Cambiando discorso, mi spiace molto per il lutto che hai dovuto affrontare. Purtroppo anche mia mamma, Diana (la tua madre biologica), è morta alcuni anni fa, ma avrebbe dato qualsiasi cosa per sapere che sei ancora viva. Ho scoperto cosa ti era successo solo quando è venuto a mancare mio (nostro) padre, e mi ha stupita trovare i ritagli di giornale che parlavano della tua scomparsa. La notizia era stata messa a tacere per così tanto tempo, e io non sapevo nemmeno di aver mai avuto una sorella.

Per quanto mi riguarda, sono venuta in Birmania e ho accettato un lavoro come cantante all’hotel Strand, ma ho passato tanti mesi a cercare di capire cosa ti fosse capitato. Ho sempre desiderato una sorella e sono così emozionata all’idea di averti finalmente trovata. Naturalmente, forse tu non sei dello stesso avviso, e lo capirei.

Ora come ora vivo a Rangoon e ho deciso di restare qui, almeno per il momento, specialmente perché mi sto divertendo un sacco a ristrutturare la casa in cui sei nata. Se per te non fosse troppo doloroso, mi piacerebbe avere tue notizie e sapere com’è la tua vita. Se fossi interessata a incontrarmi, qua ci sono molte stanze libere e saresti più che la benvenuta a trattenerti da me. Ciononostante, accetterei la tua decisione se invece preferissi evitare. So che scoprire in questo modo di avere una sorella dev’essere abbastanza sconvolgente.

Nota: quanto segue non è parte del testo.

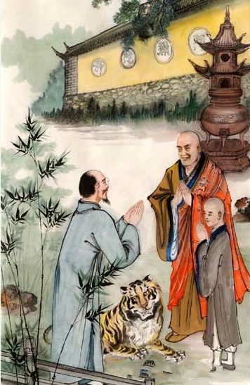 一九三六年全国著名画家张大千之兄张善子,擅长画虎,将自己在苏州狮园养的一只老虎牵到大师跟前,让大师给老虎说三皈依并赐法名格心,从此这只猛兽之王老虎都变的十分温顺,实乃佛心灵感 。
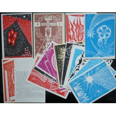 soubor 15 pohlednic s křesťanskou symbolikou, včetně původního obalu; nepoužité, bezvadné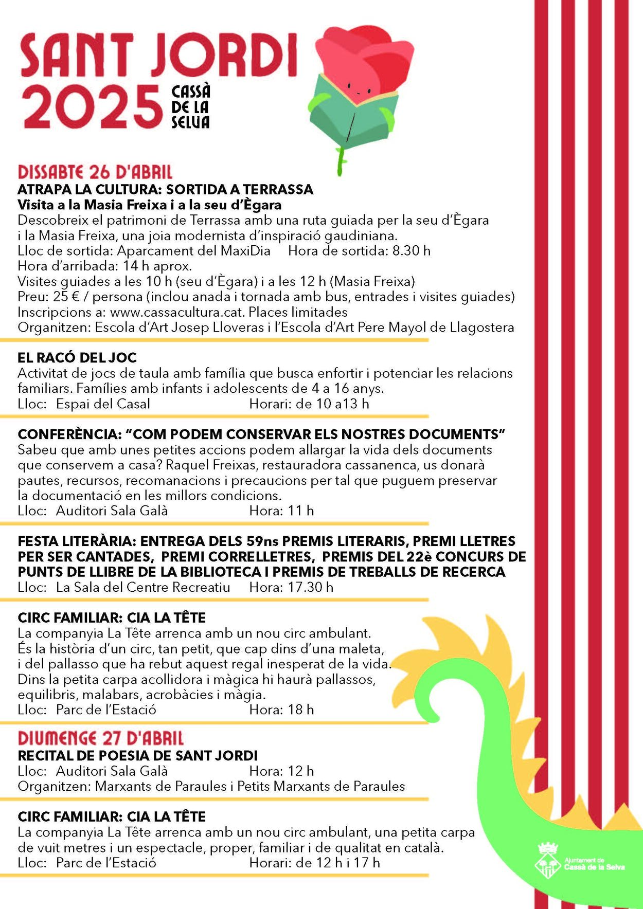 A continuació trobareu totes les activitats que s'han programat a Cassà de la Selva amb motiu de la Diada de Sant Jordi, a partir de dimecres, us desitgem que gaudiu d'una bona Diada!

Tra quattro mesi mi sposerò con Oliver, un giornalista americano. È un uomo fantastico. Ci sono talmente tante cose che vorrei dirti o chiederti, ma non mi dilungherò in questa lettera, alla quale spero davvero tanto che tu risponda.

Con i miei auguri più sinceri,

Belle

 

Sapeva che per evitare un’amara delusione avrebbe dovuto mettere un freno alla speranza e alla trepidazione, ma non riusciva a smettere di sorridere. Quando chiuse la busta da spedire per posta aerea e prese il tram per andare in città, la sua esuberanza innata iniziò a traboccare. Di certo sua sorella l’avrebbe voluta conoscere, no?